Enterprise VLAN Segmentation Migration

Where It Started

When the homelab was first built, everything lived on one flat private subnet. That's fine when you're getting started — one switch, one subnet, one gateway. But at some point the lab had grown to 22 VMs and LXC containers plus physical switches, NAS units, APs, and OOB management cards all on the same network. A guest device on the WiFi could technically reach the Proxmox management API. The Minecraft game server was on the same broadcast domain as the Wazuh SIEM and the Synology NAS. None of that is acceptable in a network that's supposed to model enterprise security practices.

The plan: redesign the network around 10 VLANs, each with a purpose, each enforced at the OPNsense firewall with explicit rules. The addressing scheme uses a consistent private pattern for gateways, static infrastructure, service reservations, DHCP clients, and spare capacity. The exact subnet values stay private, but the operational goal was predictable addressing with clear firewall boundaries.

The VLAN Design

The 10-VLAN production layout, each with a specific security posture:

The key security decisions built into the design:

• VLAN 2 (Game Servers) — internet yes, internal blocked. Pelican Panel needed to reach Pelican Wings on the same VLAN, but nothing in VLAN 2 should reach storage, SIEM, or Proxmox.
• VLAN 3 (Servers) — Wazuh receives syslog and agent traffic from all other VLANs. Every VLAN has scoped rules allowing outbound monitoring traffic to Wazuh. VLAN 3 itself can't reach other VLANs beyond what's needed.
• VLAN 4 (Testing) — fully isolated sandbox. Lab VMs and Kali instances get internet access but are hard-blocked from all production VLANs.
• VLAN 5 (IoT) — internet only, RFC1918 blocked. Smart home devices and cameras cannot reach any infrastructure VLAN under any circumstance.
• VLAN 6 (Services) — internal services gated by Authentik SSO. Jellyfin, Headscale, and AI inference run here. NPMplus in VLAN 7 is the only external entry point.
• VLAN 7 (DMZ) — cloudflared and NPMplus only. cloudflared talks to NPMplus. NPMplus only reaches approved backend IPs and ports. Nothing in the DMZ can initiate to management.
• VLAN 8 (Guest) — internet only, hard block on all RFC1918 destinations, captive portal via OPNsense.
• VLAN 9 (Network Services) — Tailscale subnet router and Scanopy network scanner. Tailscale provides remote admin access to all VLANs; Scanopy is scoped to VLAN 10 access only so broad discovery isn't open to all VLAN 9 traffic.
• VLAN 10 (Management) — admin PC, OPNsense, Proxmox nodes, switches. The only VLAN allowed to initiate connections to everything else. No service VLANs can reach VLAN 10 unless explicitly allowed.
• VLAN 20 (Storage) — no internet initiation. VLAN 10 and Proxmox nodes reach storage ports; storage devices get DNS and NTP but can't initiate back into the lab.

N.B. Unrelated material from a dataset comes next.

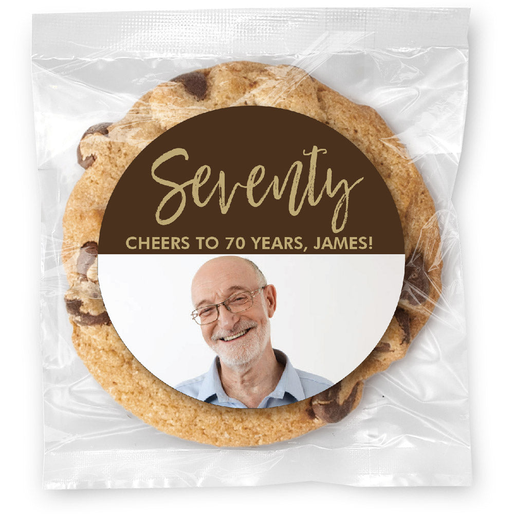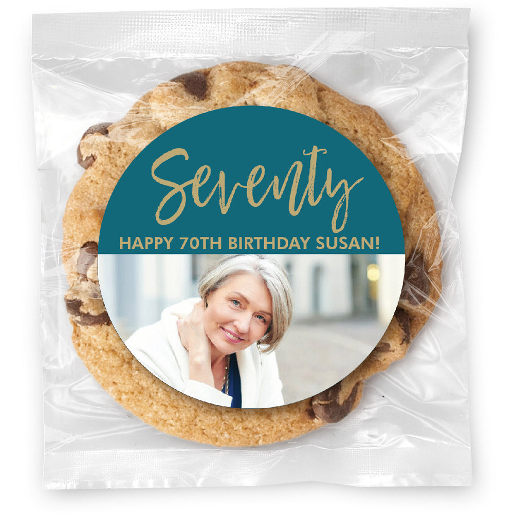 Cursive Seventy Birthday - Gourmet Cookie w/ Full Color Personalized sticker
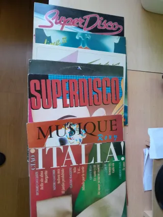 Colección de discos de vinilo con música pop y dance. - Super Disco (varias ediciones) - Musique con Roxy - Italia! con temas como Ciao, Bella sin alma, Señora mía, El jardín prohibido, Sólo, Y tú..., Sábado por la tarde, Yo canto y tú, De amor ya no se muere, Sereno es, Vado via, Te amo. - Artistas como Richard Cocciante, Sandro Giacobbe, Claudio Baglioni, Gianni Bella, Drupi, Umberto Tozzi.

Phase 1 — The Switch Swap That Broke Everything

The legacy switching was a pair of Cisco Catalyst 3750V2 switches — 100 Mbps FastEthernet to everything. Both were replaced with a Cisco SG300-20 core switch and a Netgear GS728TP PoE access switch, both gigabit. The physical swap was quick. The aftermath wasn't.

The new switches came up with default configs. The legacy cloudflared DMZ VLAN wasn't trunked anywhere. The Proxmox nodes were plugged into the SG300 but the management VLAN wasn't configured on those ports yet. Every service that depended on the network came down immediately.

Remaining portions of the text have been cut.